Bitcoin (BTC) shot to new highs of $42,400 on July 31 in a surprise attack on range resistance which sellers failed to squash.
Bitcoin seals 10 green candles in first since 2012
A subsequent cooling-off preserved most of the gains, with Bitcoin circling $41,900 at the time of writing, still up over 8% over the past 24 hours.
In trading circles, talk focused on a rare performance for the Bitcoin daily chart — ten green candles in a row, after all, last occurred in 2012.
Even eight days of consecutive gains are a rarity, while nine have been seen only twice. Depending on the exchange, the data can be slightly different — Coinbase saw 12 green candles one after another in May 2017, one Twitter user noted.
Regardless, conspicuous was on one hand Bitcoin’s strength, and on the other the lack of bearish selling pressure.
A glance at short activity on major exchange Bitfinex underscored the current mood, with hardly any trader willing to take on the risk of shorting the Bitcoin spot price at current levels.

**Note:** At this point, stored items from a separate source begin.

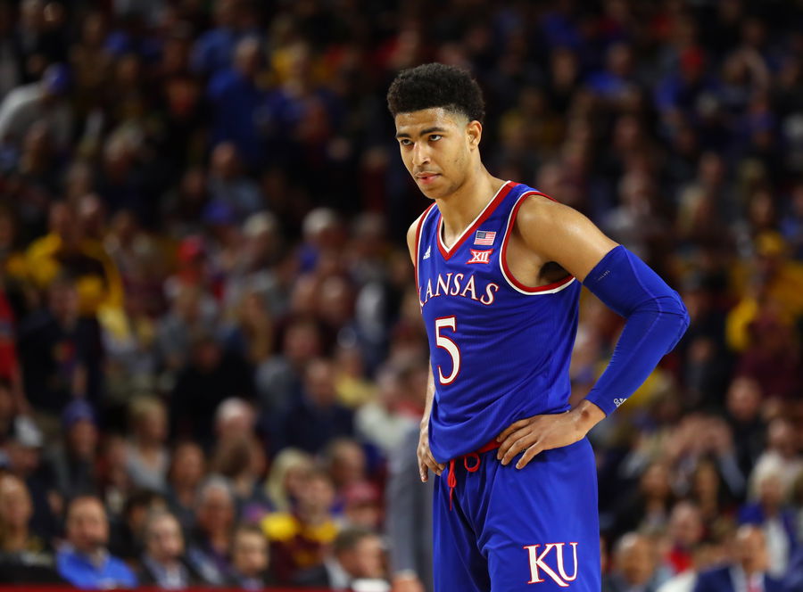 Dec 22, 2018; Tempe, AZ, USA; Kansas Jayhawks guard Quentin Grimes (5) against the Arizona State Sun Devils at Wells Fargo Arena (AZ). Mandatory Credit: Mark J. Rebilas-USA TODAY Sports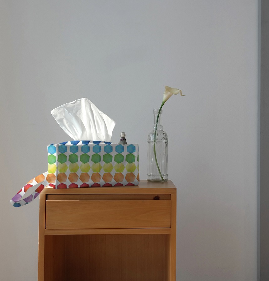 | Design infomation | It is a colorful, watercolor hexagonal pattern.Each hexagonal pattern was painted in a watercolor style. It is finished with a retro look of the Showa era.It is a unique hexagon that is arranged irregularly. |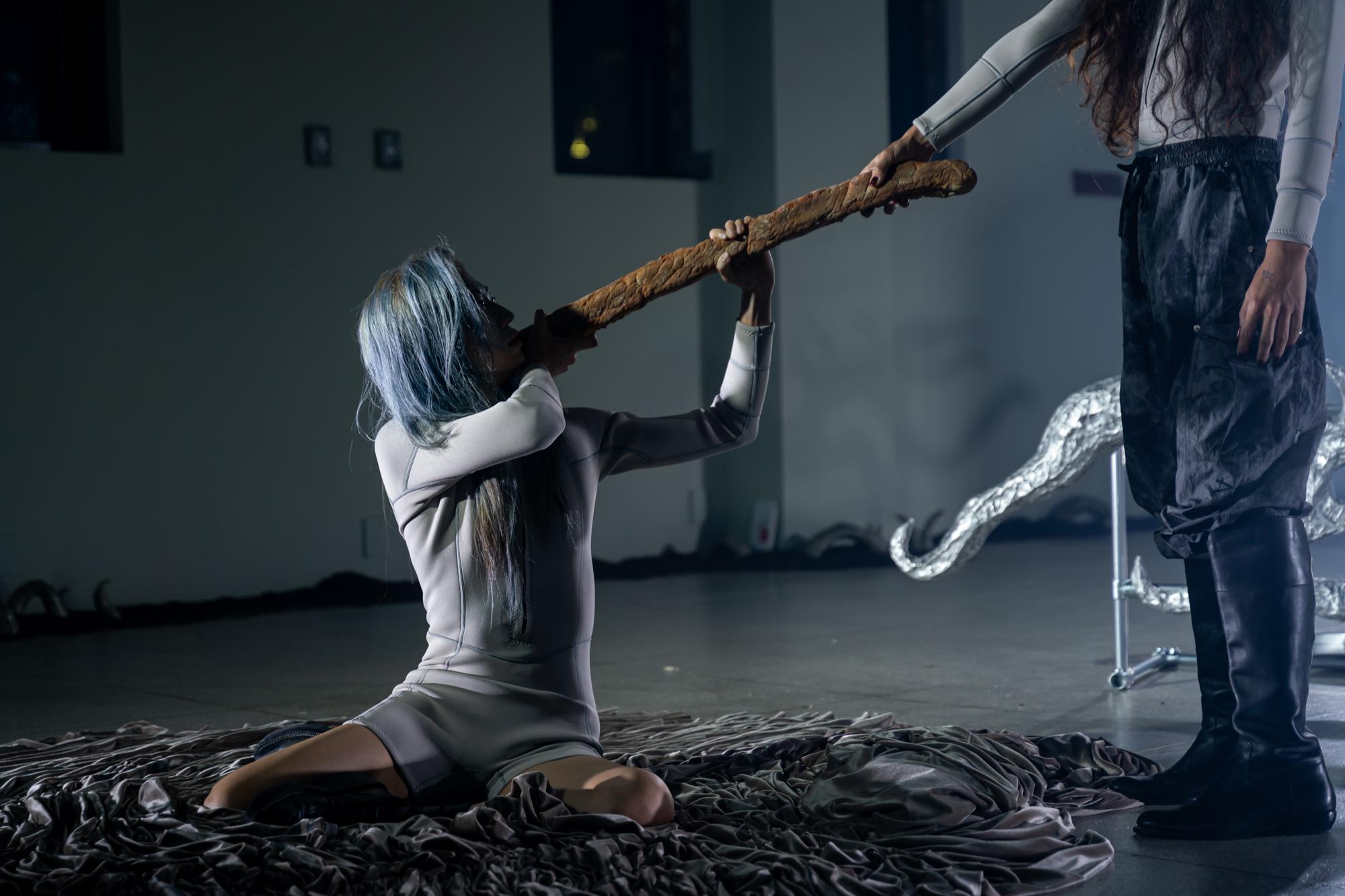 In 《Ecotone: Capacity for Escape》(Post Territory Ujeongguk, 2022), the “snake” is re-signified as an entity that traverses boundaries of race, gender, and sexuality. The performance Interpermeations(2022) renders the borders of fixed identity slippery through the ambivalence of “penetration/inter-permeation,” performatively proposing the axiom “contact = escape.” The 2023 series ‘a fist is a fist is a fist’ probes political moments when the collective body ignites, condenses, and disperses.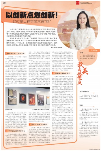 这位总爱为学生“打开一扇门”的辅导员正是2025年度上海市“最美高校辅导员”获得者,复旦大学智能材料与未来能源创新学院党委副书记、辅导员许妍。14年来,她一次次创新探索中点亮青年成长的方向。因为她深信:唯有育人者先求新求变,学生方能生长出创新创造的内在品格。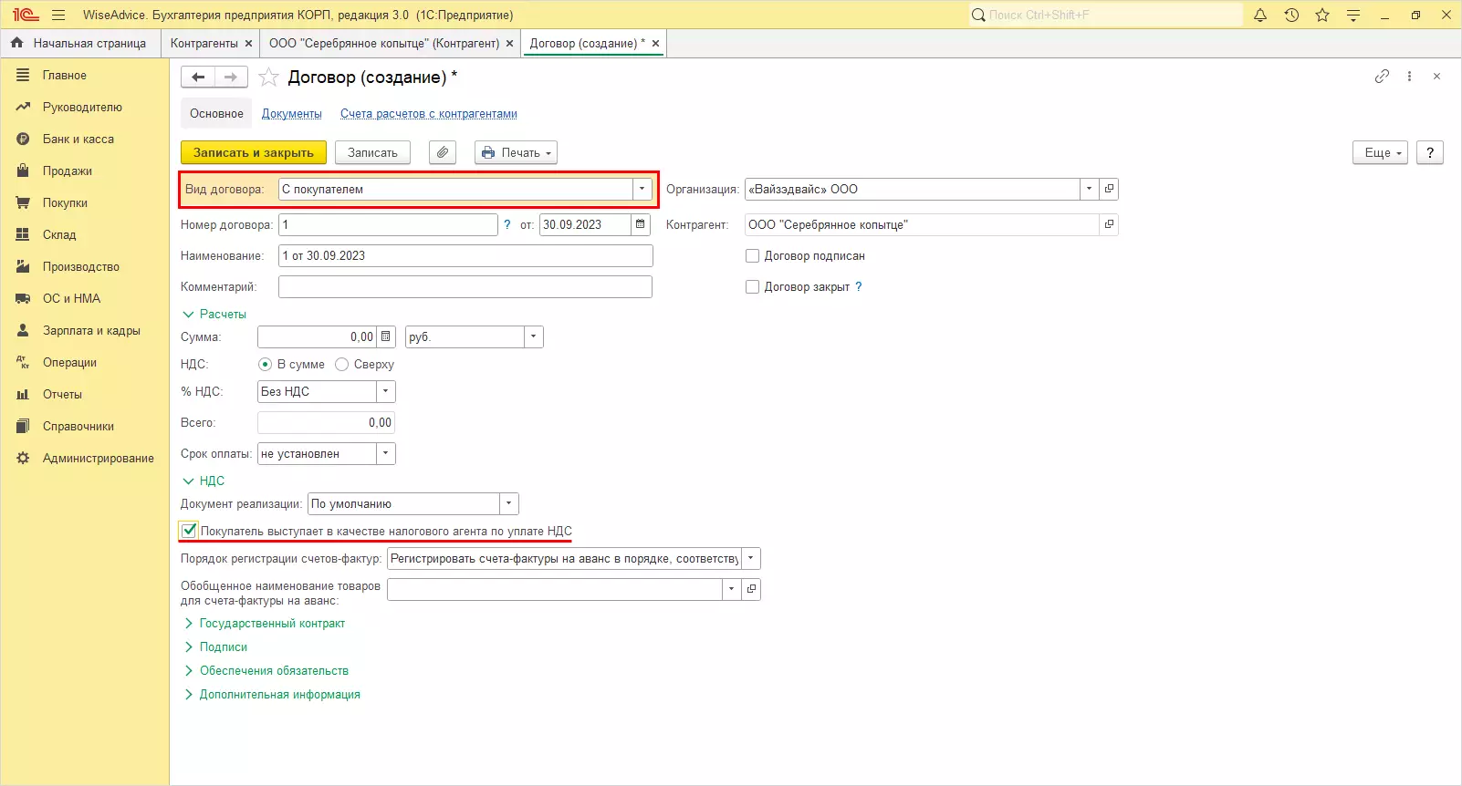 При заполнении договора с покупателем от лица фирмы-поставщика, так же в разделе «НДС» ставится отметка, что покупатель выступает в качестве налогового агента по уплате НДС.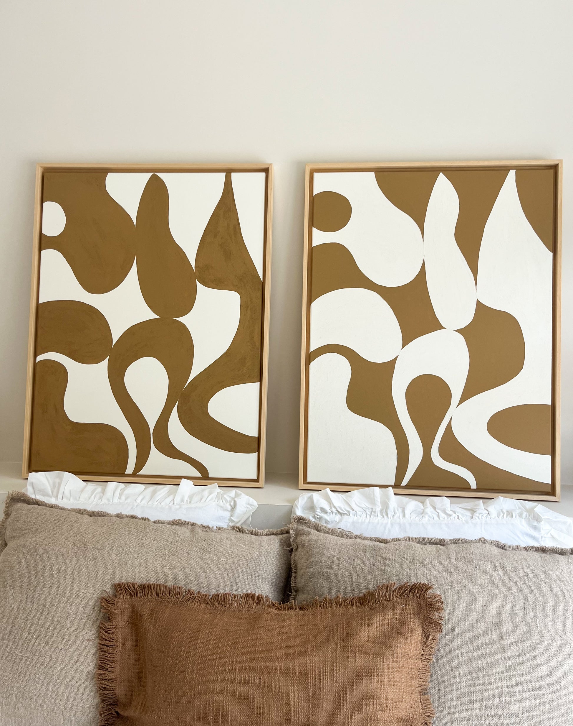 Découvrez ce DUO de tableaux aux formes organiques marron camel et crème, pensés par la créatrice de Moodéa pour apporter des motifs abstraits et chaleureux à une décoration. Ces tableaux représentent plusieurs motifs géométriques, tous à la texture grainée avec un effet sableux qui se perçoit sous une source de lumière.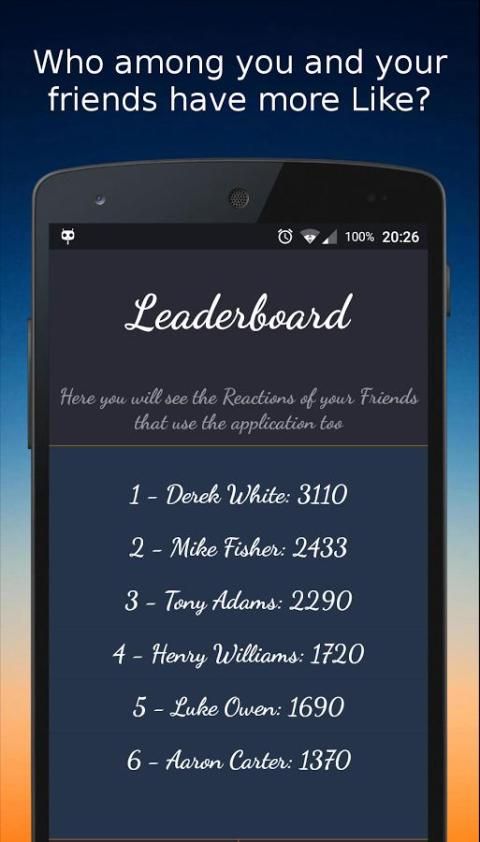 तुम में से कौन है और अपने मित्रों और अधिक की तरह है? आप एक लीडरबोर्ड जहां प्रदर्शन जो आप अधिक की तरह हो जाएगा देखने के लिए सक्षम हो जाएगा!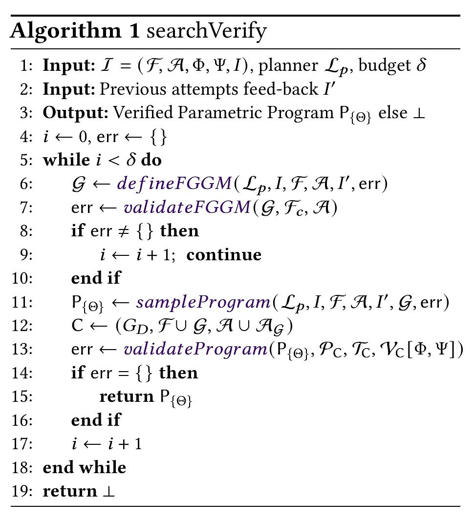 1. 形式化守护生成模型(FGGM):逻辑的“过滤器”与“安全网” SEVerA 引入了形式化守护生成模型(Formally Guarded Generative Models, FGGM),这是其最核心的创新。在传统的智能体程序中,LLM 的调用是不可控的;而在 FGGM 机制下,每一个生成模型的调用都被包裹在一个基于一阶逻辑(First-Order Logic)的“本地契约”中。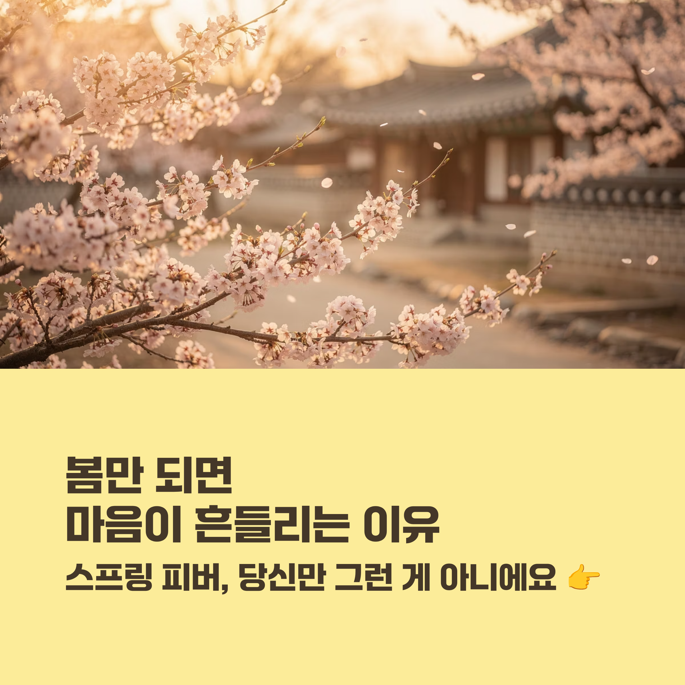재미있는 건 이 현상이 동서양을 가리지 않고 나타난다는 거예요. 우리나라에서도 예로부터 '봄을 탄다'라는 표현이 있잖아요. 결국 같은 현상을 다르게 부르는 것뿐이죠. 봄이 되면 자연스럽게 몸과 마음이 반응하는 건 인간이라면 누구나 경험하는 보편적인 현상입니다. 그러니까 요즘 괜히 마음이 싱숭생숭하다면, 그건 지극히 정상적인 봄의 신호라고 생각하시면 돼요.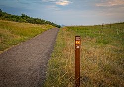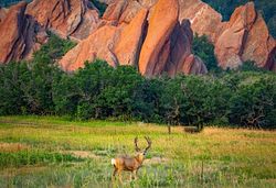 The Fountain Valley Trail winds through some of the most magnificent land in the park, including the Fountain and Lyons rock formations, historic buildings, and multiple habitats. These include habitats for various plants, mule deer, foxes, a variety of birds, and many more animals. You may even see a golden eagle soaring over the hogback hunting small mammals, snakes or birds.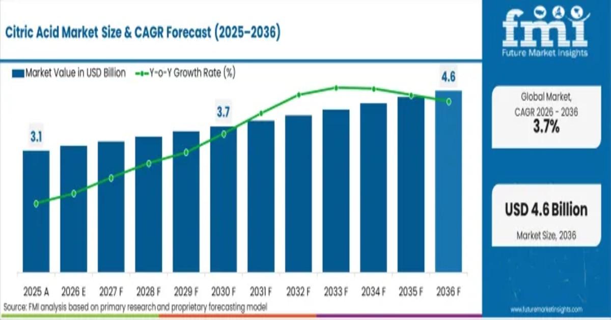 The global citric acid market has entered a phase of calibrated, efficiency-led expansion, with valuation crossing USD 3,179.1 million in 2025. According to new analysis by Future Market Insights (FMI), the market is projected to grow to USD 3,296.1 million in 2026 and further to USD 4,741.3 million by 2036, reflecting a steady CAGR of 3.7% over the forecast period.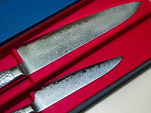 원본상품명: ステン&ニッケル 63層 ダマスカス 一?型 ペティナイフ 120mm & 牛刀 180mm 2丁 セット 組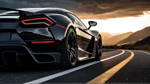 Een elegante zwarte supercar, gefotografeerd vanuit de achterhoek, staat op een slingerende bergweg tijdens het gouden uur. De opvallende rode LED-achterlichten in V-vorm contrasteren mooi met de donkere carrosserie, terwijl de gele wegmarkering naar de bergen in de verte leidt. Het warme avondlicht baadt het berglandschap in een cinematische gloed.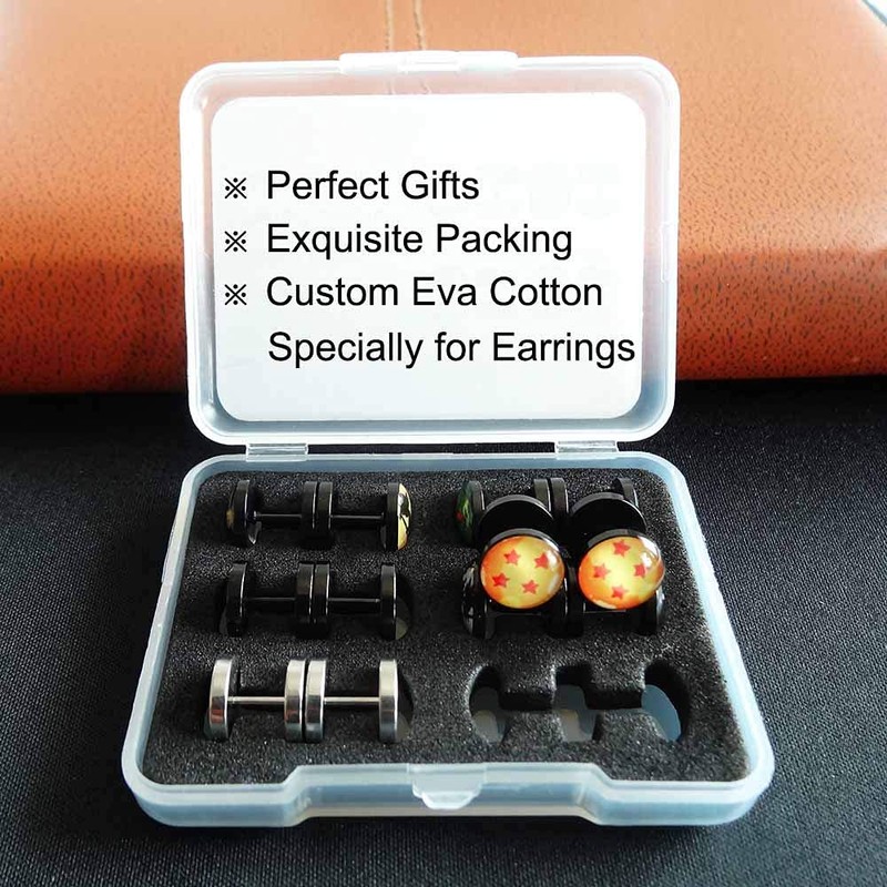 - 6 Pairs Anime Earrings Set ❤ 6 Styles Stainless Steel Fake Ear Gauges Screw Stud Earring with Unique Logo Design (No Duplicates), and the other two pairs without Logo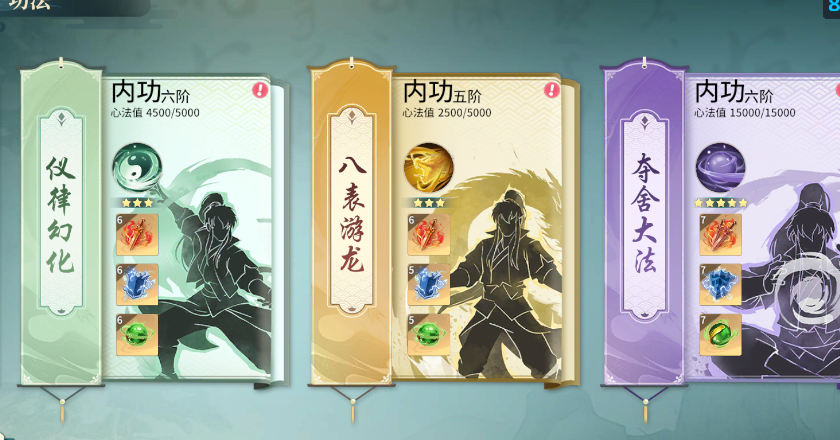 内功修炼这个板块,优先点攻击和生命就行,四个内功平均升级就好,加的属性是全体的,和器魂是同理的,上文提到的技能等级只和安装的心法等级有关。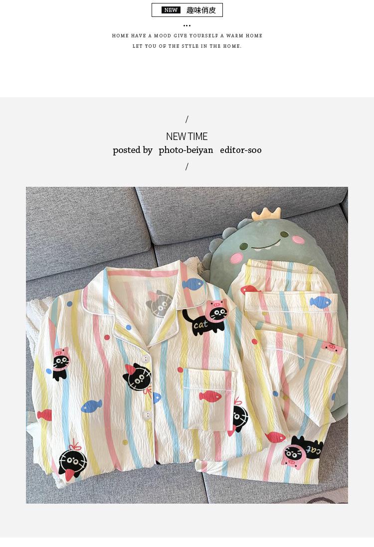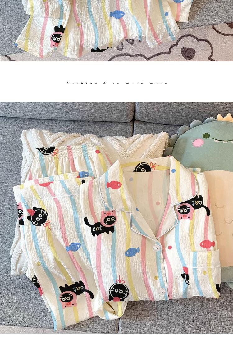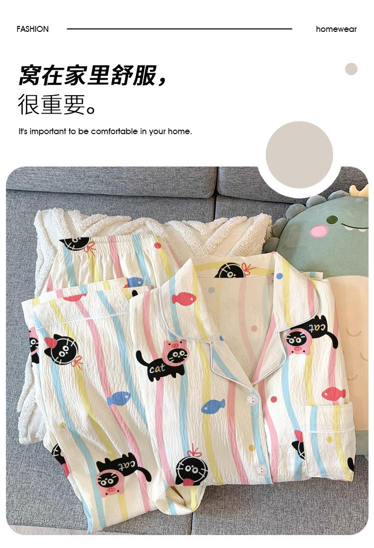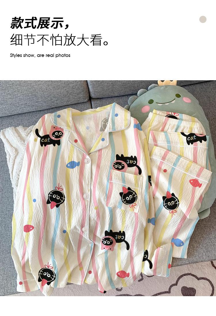 Pijama de tela arrugada para mujer de manga larga con estampado de gatito negro nuevo de primavera a rayas de arcoíris, traje de ropa de casa de dibujos animados al por mayor
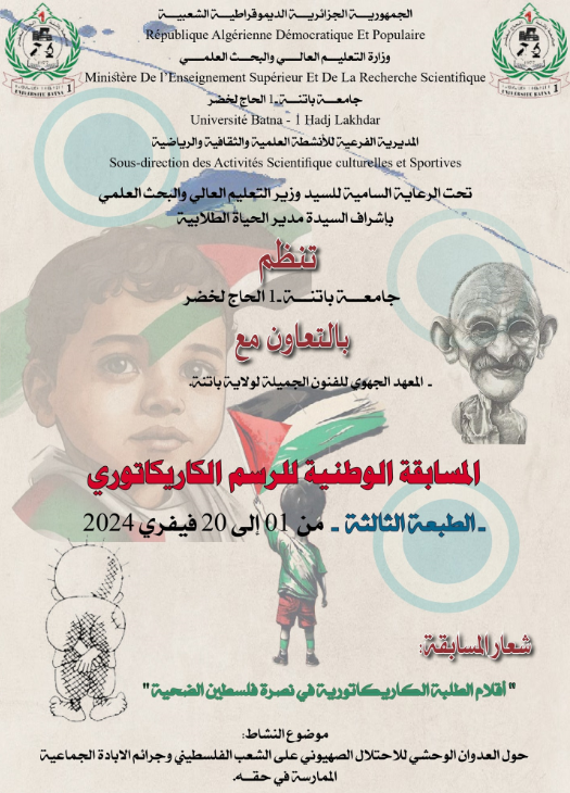 من تنظيم جامعة الحاج لخضر باتنة 1 بالتنسيق مع المعهد الجهوي للفنون الجميلة لولاية باتنة المسابقة الوطنية الجامعية للرسم الكاريكاتوري – الطبعة الثالثة.

“BTC just tapped 42k as resistance for the first time since the epic drop in May,” popular trader Scott Melker summarized on the day.
“Time to pay attention.”
Cracks appear in Bitcoin’s ceiling
As Cointelegraph reported, $42,000 represents the final resistance hurdle in Bitcoin’s multi-month trading range. Since coming down from all-time highs and falling through the level, which also represents the previous all-time from February, it has acted as a de facto unchallenged price ceiling.
According to the popular and historically accurate stock-to-flow Bitcoin price forecasting models, spot price should still be much higher — $94,839 on Saturday.
Nonetheless, its creator, PlanB, has said that a monthly close of at least $47,000 for BTC/USD in August would be enough for progress to remain on track.